---- Exercise input
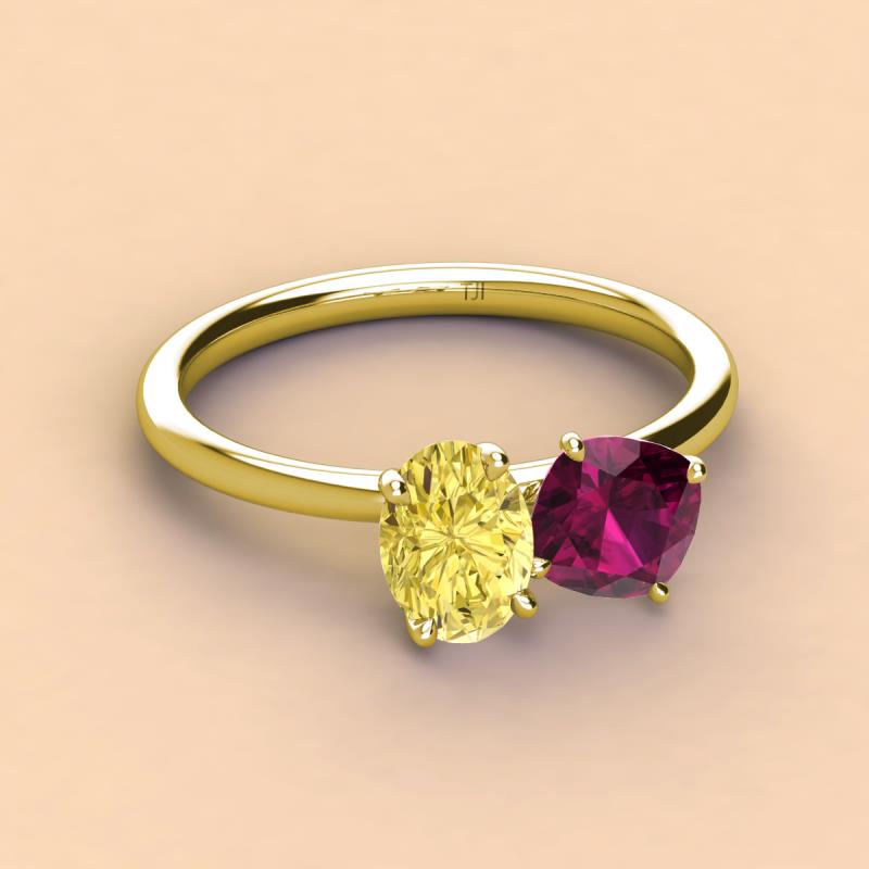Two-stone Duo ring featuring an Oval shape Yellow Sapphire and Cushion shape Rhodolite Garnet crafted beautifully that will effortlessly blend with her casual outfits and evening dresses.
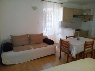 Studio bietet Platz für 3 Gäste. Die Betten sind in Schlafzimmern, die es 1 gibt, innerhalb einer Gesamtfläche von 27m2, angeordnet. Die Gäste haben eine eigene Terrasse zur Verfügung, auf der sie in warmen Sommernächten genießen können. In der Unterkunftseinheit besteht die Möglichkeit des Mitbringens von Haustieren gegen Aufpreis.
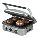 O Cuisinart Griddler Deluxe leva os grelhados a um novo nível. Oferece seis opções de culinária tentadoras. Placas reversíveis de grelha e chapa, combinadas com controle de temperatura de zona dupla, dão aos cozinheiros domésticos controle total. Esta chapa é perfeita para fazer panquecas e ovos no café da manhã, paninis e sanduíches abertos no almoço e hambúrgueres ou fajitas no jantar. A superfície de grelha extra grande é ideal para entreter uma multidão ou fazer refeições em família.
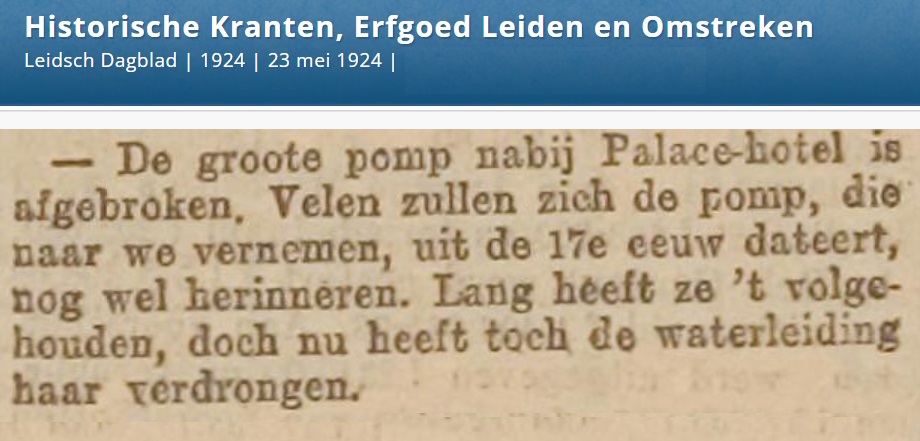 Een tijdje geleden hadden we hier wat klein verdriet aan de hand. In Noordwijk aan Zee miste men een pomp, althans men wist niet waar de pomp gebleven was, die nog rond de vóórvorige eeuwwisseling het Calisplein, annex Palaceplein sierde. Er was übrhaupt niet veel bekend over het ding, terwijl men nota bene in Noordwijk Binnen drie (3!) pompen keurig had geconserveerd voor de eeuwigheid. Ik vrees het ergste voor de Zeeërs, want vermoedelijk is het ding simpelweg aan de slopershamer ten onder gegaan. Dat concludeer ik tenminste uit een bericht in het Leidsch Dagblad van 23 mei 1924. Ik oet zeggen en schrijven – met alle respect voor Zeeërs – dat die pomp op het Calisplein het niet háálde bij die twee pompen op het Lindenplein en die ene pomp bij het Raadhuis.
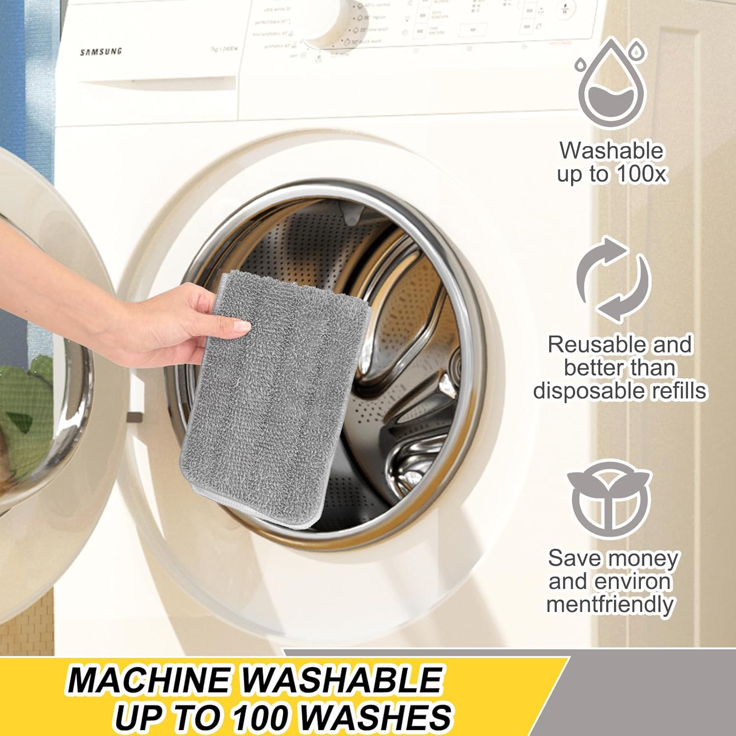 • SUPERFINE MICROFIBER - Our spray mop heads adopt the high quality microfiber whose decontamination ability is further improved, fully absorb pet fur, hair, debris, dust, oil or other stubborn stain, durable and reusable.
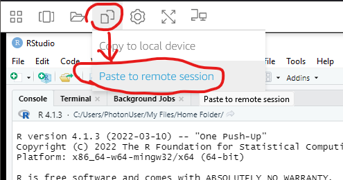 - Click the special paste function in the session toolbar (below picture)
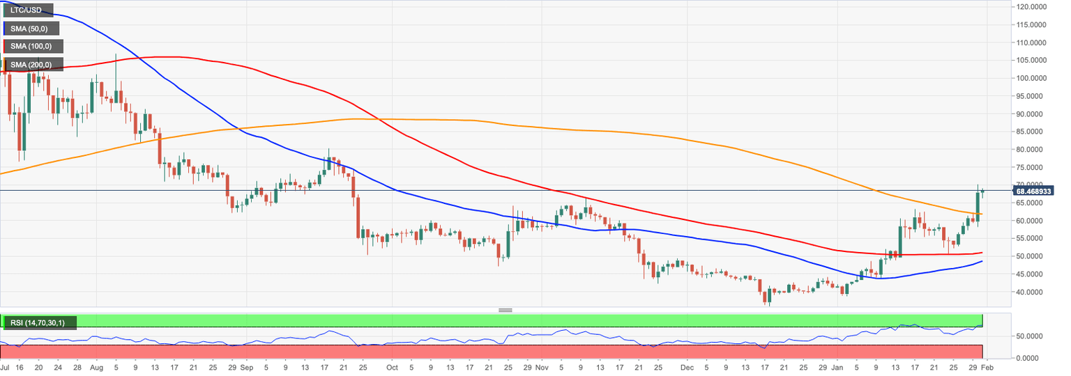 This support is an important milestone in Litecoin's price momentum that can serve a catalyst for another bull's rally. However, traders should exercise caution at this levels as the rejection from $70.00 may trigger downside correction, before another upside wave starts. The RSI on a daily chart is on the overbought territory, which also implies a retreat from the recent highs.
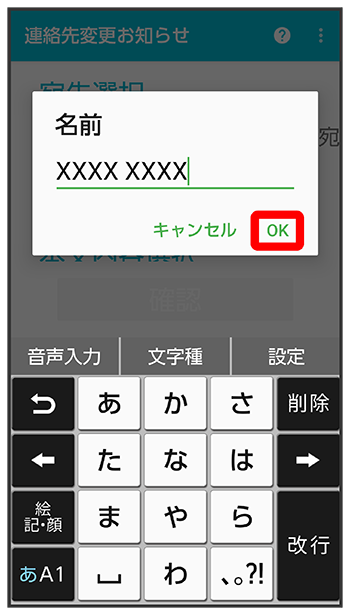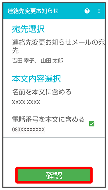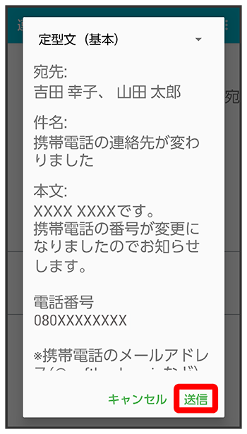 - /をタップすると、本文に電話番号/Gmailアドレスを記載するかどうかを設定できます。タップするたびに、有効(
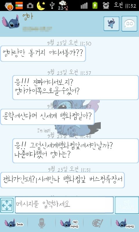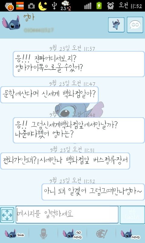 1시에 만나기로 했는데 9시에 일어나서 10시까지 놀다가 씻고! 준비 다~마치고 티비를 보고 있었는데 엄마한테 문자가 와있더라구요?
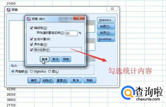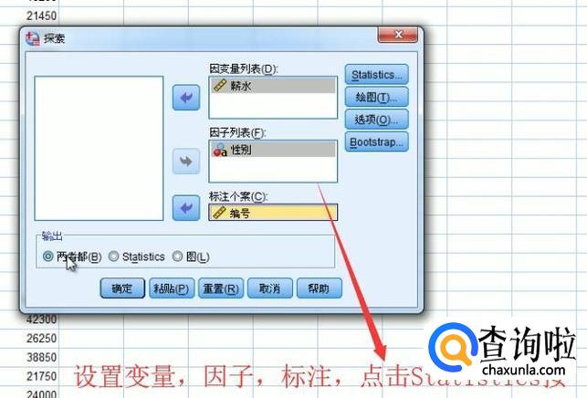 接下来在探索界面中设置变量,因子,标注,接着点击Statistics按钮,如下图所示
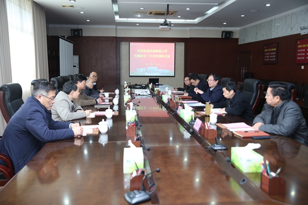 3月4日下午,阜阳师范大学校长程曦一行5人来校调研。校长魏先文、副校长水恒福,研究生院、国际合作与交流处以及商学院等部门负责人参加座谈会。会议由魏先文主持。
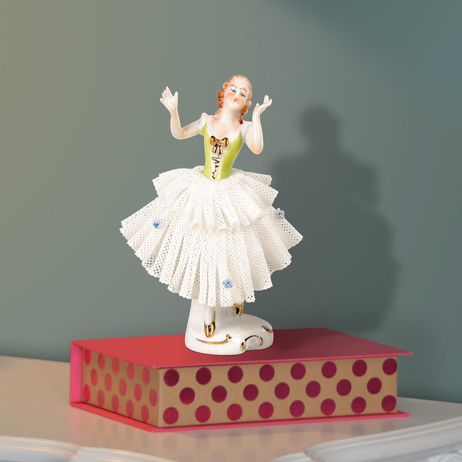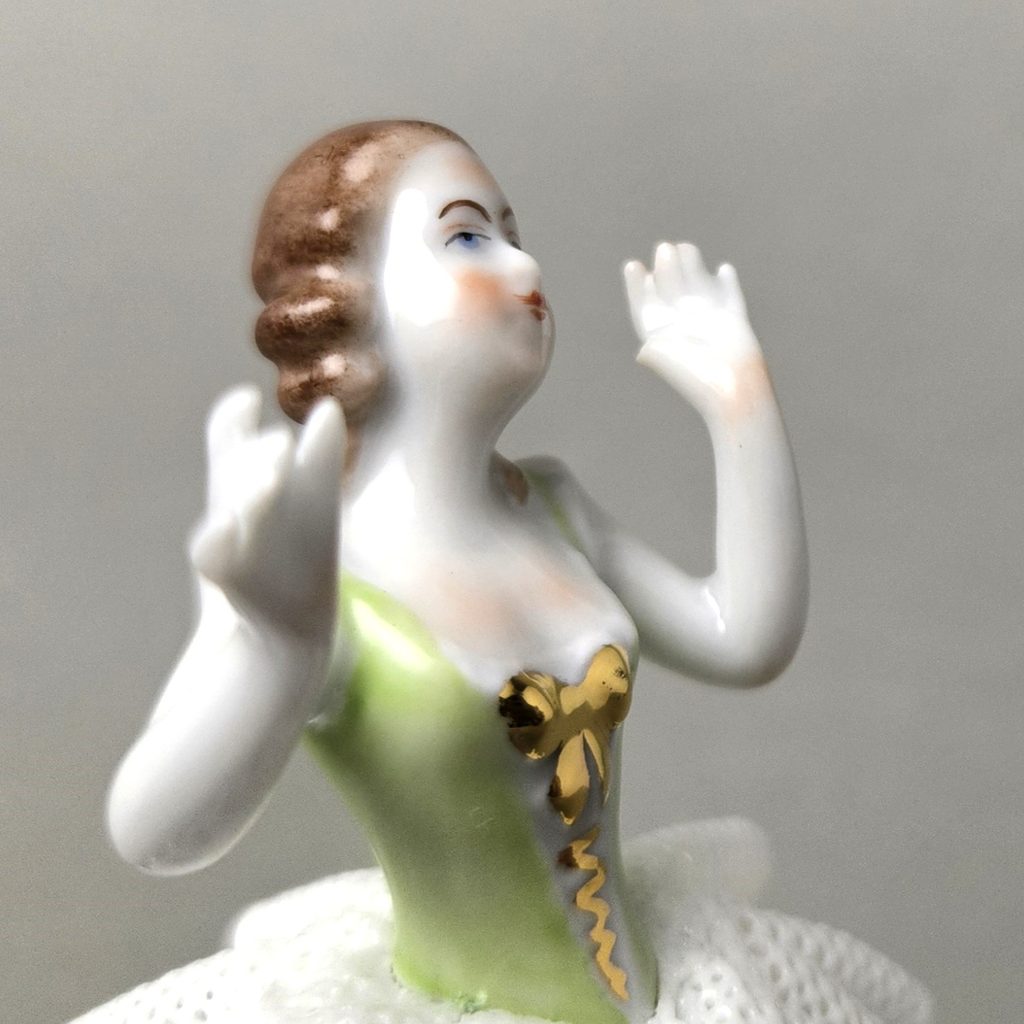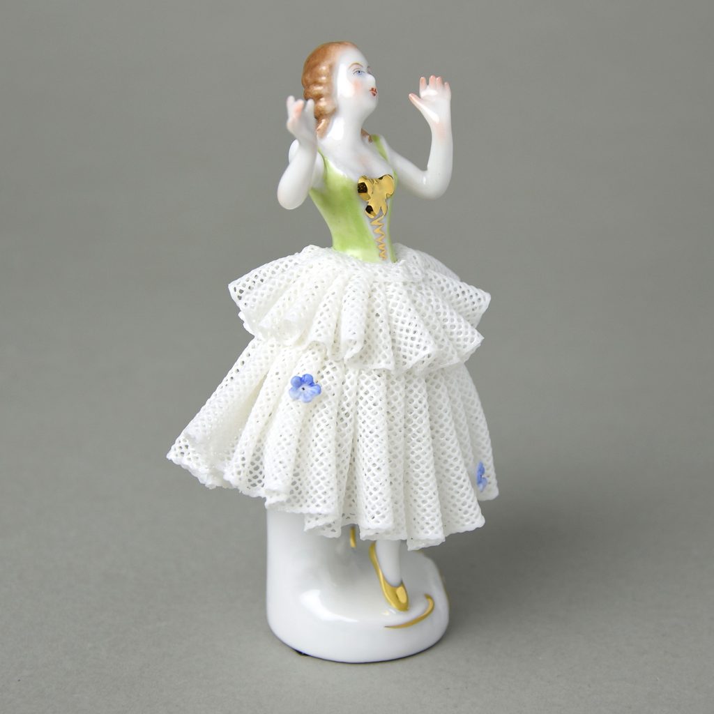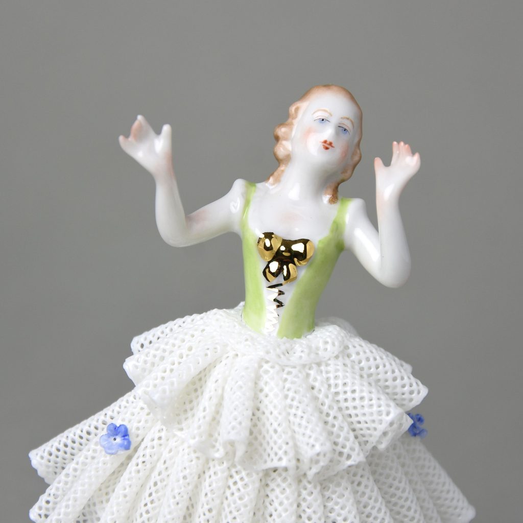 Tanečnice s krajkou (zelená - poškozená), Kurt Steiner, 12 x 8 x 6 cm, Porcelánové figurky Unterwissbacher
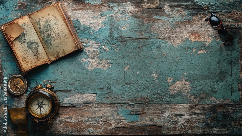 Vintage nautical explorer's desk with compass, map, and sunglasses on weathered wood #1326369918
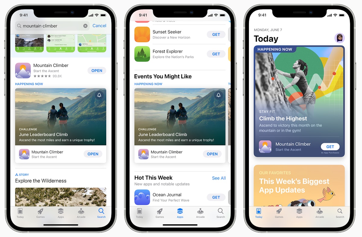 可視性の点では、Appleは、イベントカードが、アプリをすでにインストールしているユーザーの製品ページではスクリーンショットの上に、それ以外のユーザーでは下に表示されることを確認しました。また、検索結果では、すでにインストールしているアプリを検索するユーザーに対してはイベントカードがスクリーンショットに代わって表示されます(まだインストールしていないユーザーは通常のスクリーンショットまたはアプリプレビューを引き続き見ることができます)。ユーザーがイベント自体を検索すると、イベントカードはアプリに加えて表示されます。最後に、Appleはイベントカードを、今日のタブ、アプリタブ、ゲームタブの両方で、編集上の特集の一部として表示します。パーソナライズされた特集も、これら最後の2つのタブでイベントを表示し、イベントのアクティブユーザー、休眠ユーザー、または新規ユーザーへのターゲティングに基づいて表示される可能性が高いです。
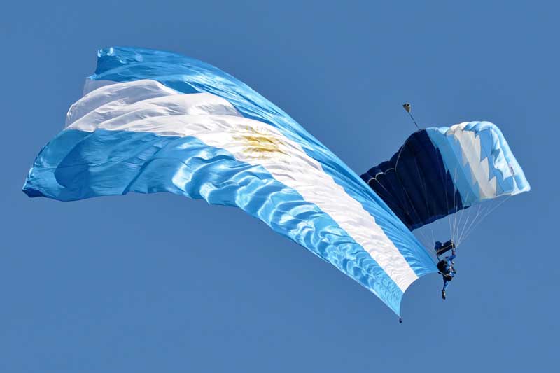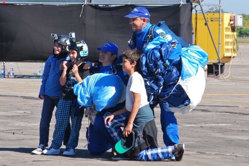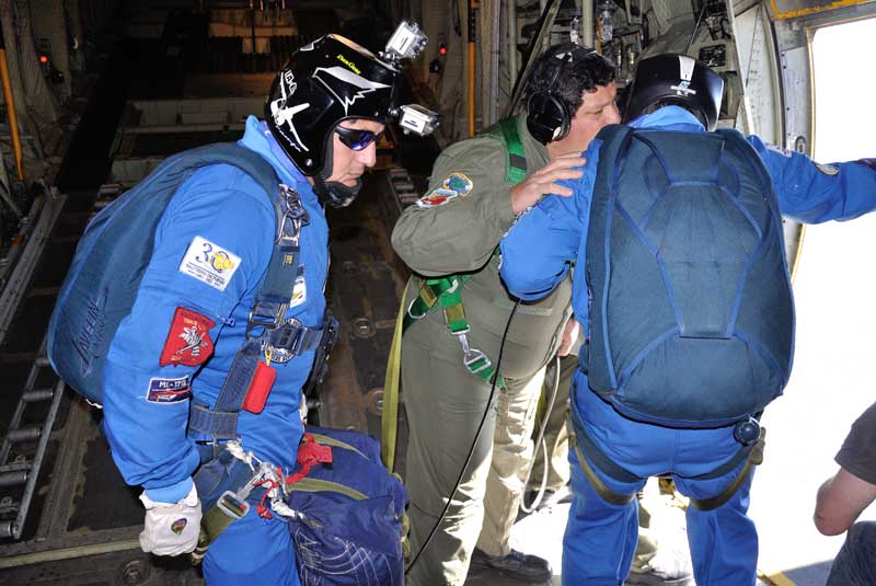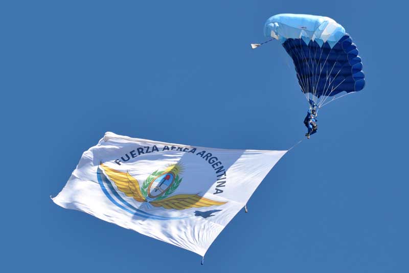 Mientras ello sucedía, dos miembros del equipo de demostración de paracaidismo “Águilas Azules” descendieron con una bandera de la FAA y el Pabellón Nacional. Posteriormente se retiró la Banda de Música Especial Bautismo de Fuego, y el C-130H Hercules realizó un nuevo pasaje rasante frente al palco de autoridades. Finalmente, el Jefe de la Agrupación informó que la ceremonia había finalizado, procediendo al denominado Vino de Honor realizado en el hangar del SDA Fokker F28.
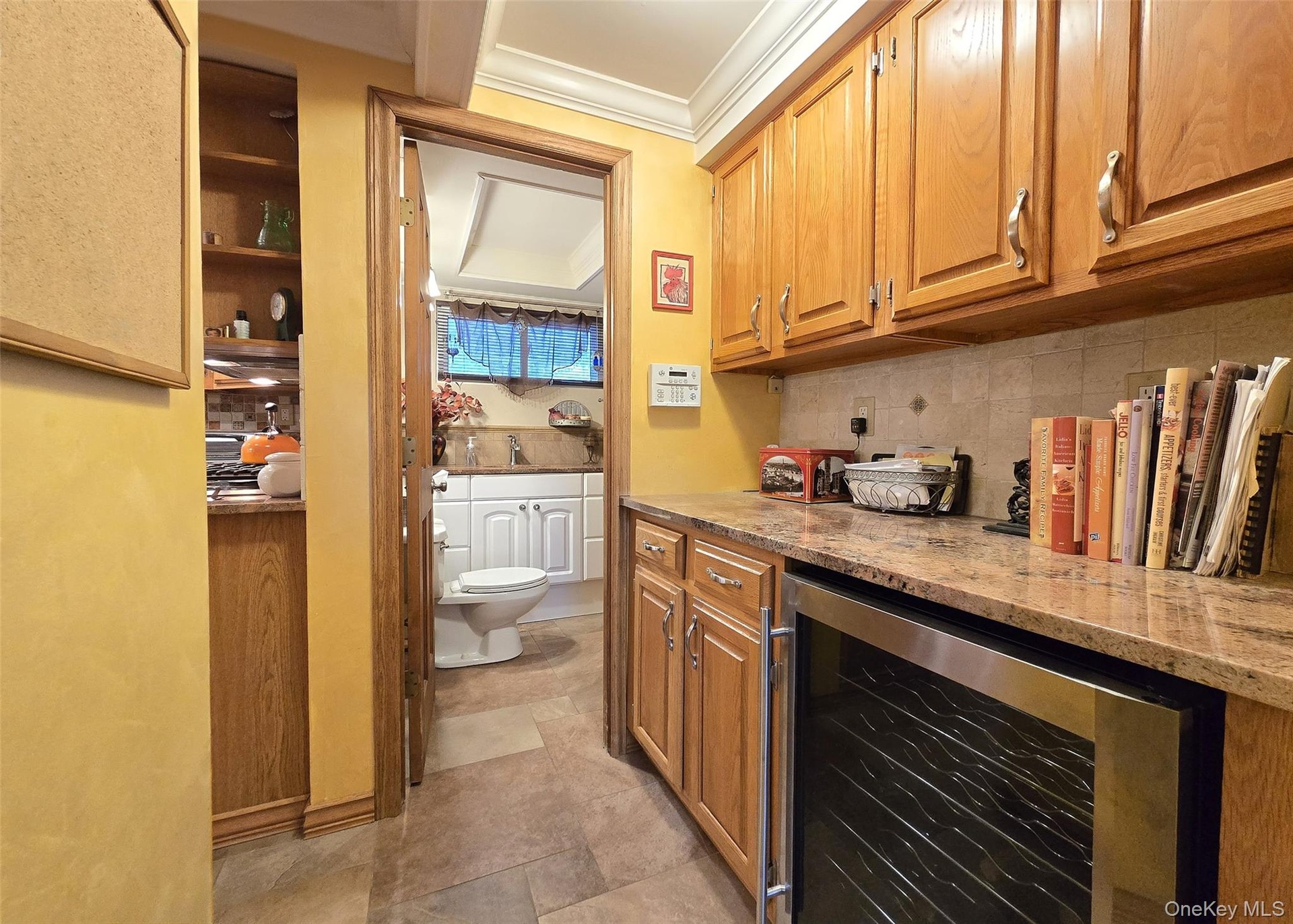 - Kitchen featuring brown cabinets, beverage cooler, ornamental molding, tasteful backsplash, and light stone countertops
--------
§ Aim of the exercise:
Each entry is to be output exactly, and no picture is to appear.

§ Completed exercise:
Two-stone Duo ring featuring an Oval shape Yellow Sapphire and Cushion shape Rhodolite Garnet crafted beautifully that will effortlessly blend with her casual outfits and evening dresses.
 Studio bietet Platz für 3 Gäste. Die Betten sind in Schlafzimmern, die es 1 gibt, innerhalb einer Gesamtfläche von 27m2, angeordnet. Die Gäste haben eine eigene Terrasse zur Verfügung, auf der sie in warmen Sommernächten genießen können. In der Unterkunftseinheit besteht die Möglichkeit des Mitbringens von Haustieren gegen Aufpreis.
 O Cuisinart Griddler Deluxe leva os grelhados a um novo nível. Oferece seis opções de culinária tentadoras. Placas reversíveis de grelha e chapa, combinadas com controle de temperatura de zona dupla, dão aos cozinheiros domésticos controle total. Esta chapa é perfeita para fazer panquecas e ovos no café da manhã, paninis e sanduíches abertos no almoço e hambúrgueres ou fajitas no jantar. A superfície de grelha extra grande é ideal para entreter uma multidão ou fazer refeições em família.
 Een tijdje geleden hadden we hier wat klein verdriet aan de hand. In Noordwijk aan Zee miste men een pomp, althans men wist niet waar de pomp gebleven was, die nog rond de vóórvorige eeuwwisseling het Calisplein, annex Palaceplein sierde. Er was übrhaupt niet veel bekend over het ding, terwijl men nota bene in Noordwijk Binnen drie (3!) pompen keurig had geconserveerd voor de eeuwigheid. Ik vrees het ergste voor de Zeeërs, want vermoedelijk is het ding simpelweg aan de slopershamer ten onder gegaan. Dat concludeer ik tenminste uit een bericht in het Leidsch Dagblad van 23 mei 1924. Ik oet zeggen en schrijven – met alle respect voor Zeeërs – dat die pomp op het Calisplein het niet háálde bij die twee pompen op het Lindenplein en die ene pomp bij het Raadhuis.
 • SUPERFINE MICROFIBER - Our spray mop heads adopt the high quality microfiber whose decontamination ability is further improved, fully absorb pet fur, hair, debris, dust, oil or other stubborn stain, durable and reusable.
 - Click the special paste function in the session toolbar (below picture)
 This support is an important milestone in Litecoin's price momentum that can serve a catalyst for another bull's rally. However, traders should exercise caution at this levels as the rejection from $70.00 may trigger downside correction, before another upside wave starts. The RSI on a daily chart is on the overbought territory, which also implies a retreat from the recent highs.
 - /をタップすると、本文に電話番号/Gmailアドレスを記載するかどうかを設定できます。タップするたびに、有効(
 1시에 만나기로 했는데 9시에 일어나서 10시까지 놀다가 씻고! 준비 다~마치고 티비를 보고 있었는데 엄마한테 문자가 와있더라구요?
 接下来在探索界面中设置变量,因子,标注,接着点击Statistics按钮,如下图所示
 3月4日下午,阜阳师范大学校长程曦一行5人来校调研。校长魏先文、副校长水恒福,研究生院、国际合作与交流处以及商学院等部门负责人参加座谈会。会议由魏先文主持。
 Tanečnice s krajkou (zelená - poškozená), Kurt Steiner, 12 x 8 x 6 cm, Porcelánové figurky Unterwissbacher
 Vintage nautical explorer's desk with compass, map, and sunglasses on weathered wood #1326369918
 可視性の点では、Appleは、イベントカードが、アプリをすでにインストールしているユーザーの製品ページではスクリーンショットの上に、それ以外のユーザーでは下に表示されることを確認しました。また、検索結果では、すでにインストールしているアプリを検索するユーザーに対してはイベントカードがスクリーンショットに代わって表示されます(まだインストールしていないユーザーは通常のスクリーンショットまたはアプリプレビューを引き続き見ることができます)。ユーザーがイベント自体を検索すると、イベントカードはアプリに加えて表示されます。最後に、Appleはイベントカードを、今日のタブ、アプリタブ、ゲームタブの両方で、編集上の特集の一部として表示します。パーソナライズされた特集も、これら最後の2つのタブでイベントを表示し、イベントのアクティブユーザー、休眠ユーザー、または新規ユーザーへのターゲティングに基づいて表示される可能性が高いです。
 Mientras ello sucedía, dos miembros del equipo de demostración de paracaidismo “Águilas Azules” descendieron con una bandera de la FAA y el Pabellón Nacional. Posteriormente se retiró la Banda de Música Especial Bautismo de Fuego, y el C-130H Hercules realizó un nuevo pasaje rasante frente al palco de autoridades. Finalmente, el Jefe de la Agrupación informó que la ceremonia había finalizado, procediendo al denominado Vino de Honor realizado en el hangar del SDA Fokker F28.
 - Kitchen featuring brown cabinets, beverage cooler, ornamental molding, tasteful backsplash, and light stone countertops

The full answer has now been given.